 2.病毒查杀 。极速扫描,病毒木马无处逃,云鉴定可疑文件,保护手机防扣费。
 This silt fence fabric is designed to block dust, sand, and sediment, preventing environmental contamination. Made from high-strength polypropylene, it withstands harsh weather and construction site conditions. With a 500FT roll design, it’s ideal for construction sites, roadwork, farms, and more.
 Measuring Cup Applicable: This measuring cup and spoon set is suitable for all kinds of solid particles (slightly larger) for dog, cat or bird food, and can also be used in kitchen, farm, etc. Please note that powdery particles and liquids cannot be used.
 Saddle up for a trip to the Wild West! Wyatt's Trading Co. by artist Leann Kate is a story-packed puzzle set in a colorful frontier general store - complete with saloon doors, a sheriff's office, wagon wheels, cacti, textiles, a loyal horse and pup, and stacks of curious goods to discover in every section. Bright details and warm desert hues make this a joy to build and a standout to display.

==

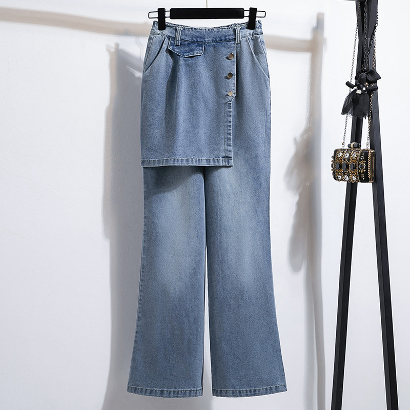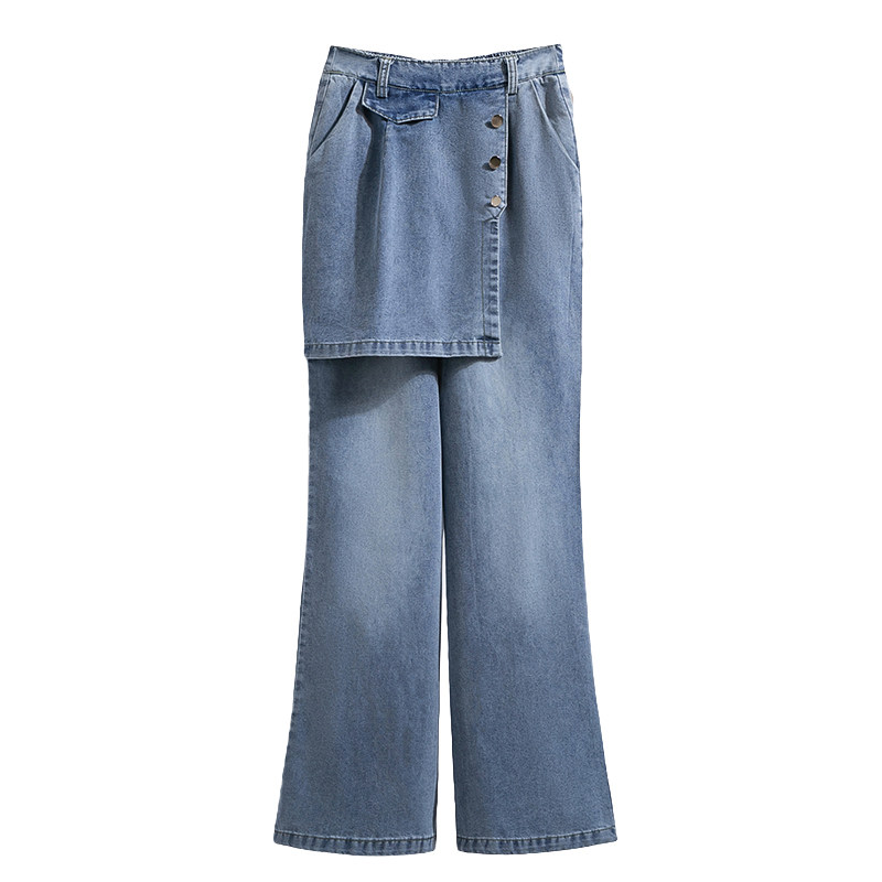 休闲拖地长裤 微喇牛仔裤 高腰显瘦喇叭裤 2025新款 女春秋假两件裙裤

---

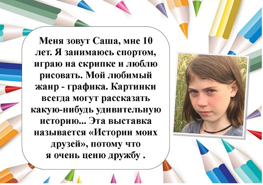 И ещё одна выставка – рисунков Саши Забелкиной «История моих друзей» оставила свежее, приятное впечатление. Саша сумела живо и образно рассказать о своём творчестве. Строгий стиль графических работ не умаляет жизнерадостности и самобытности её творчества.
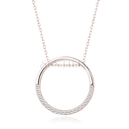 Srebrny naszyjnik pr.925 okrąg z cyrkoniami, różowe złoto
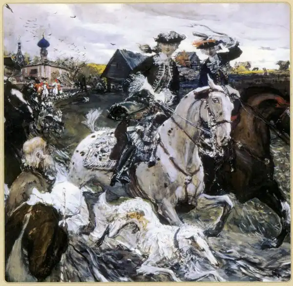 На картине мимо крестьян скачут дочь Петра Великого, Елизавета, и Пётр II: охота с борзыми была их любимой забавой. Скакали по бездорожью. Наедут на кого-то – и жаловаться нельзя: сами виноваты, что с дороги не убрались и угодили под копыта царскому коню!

_WHAT THE TASK REQUIRES_. Exactly as written above, retype the lines starting at the one holding "И ещё одна выставка" and ending at the one holding "На картине мимо", both included, but not the pictures.

_ANSWER BOX_.
 И ещё одна выставка – рисунков Саши Забелкиной «История моих друзей» оставила свежее, приятное впечатление. Саша сумела живо и образно рассказать о своём творчестве. Строгий стиль графических работ не умаляет жизнерадостности и самобытности её творчества.
 Srebrny naszyjnik pr.925 okrąg z cyrkoniami, różowe złoto
 На картине мимо крестьян скачут дочь Петра Великого, Елизавета, и Пётр II: охота с борзыми была их любимой забавой. Скакали по бездорожью. Наедут на кого-то – и жаловаться нельзя: сами виноваты, что с дороги не убрались и угодили под копыта царскому коню!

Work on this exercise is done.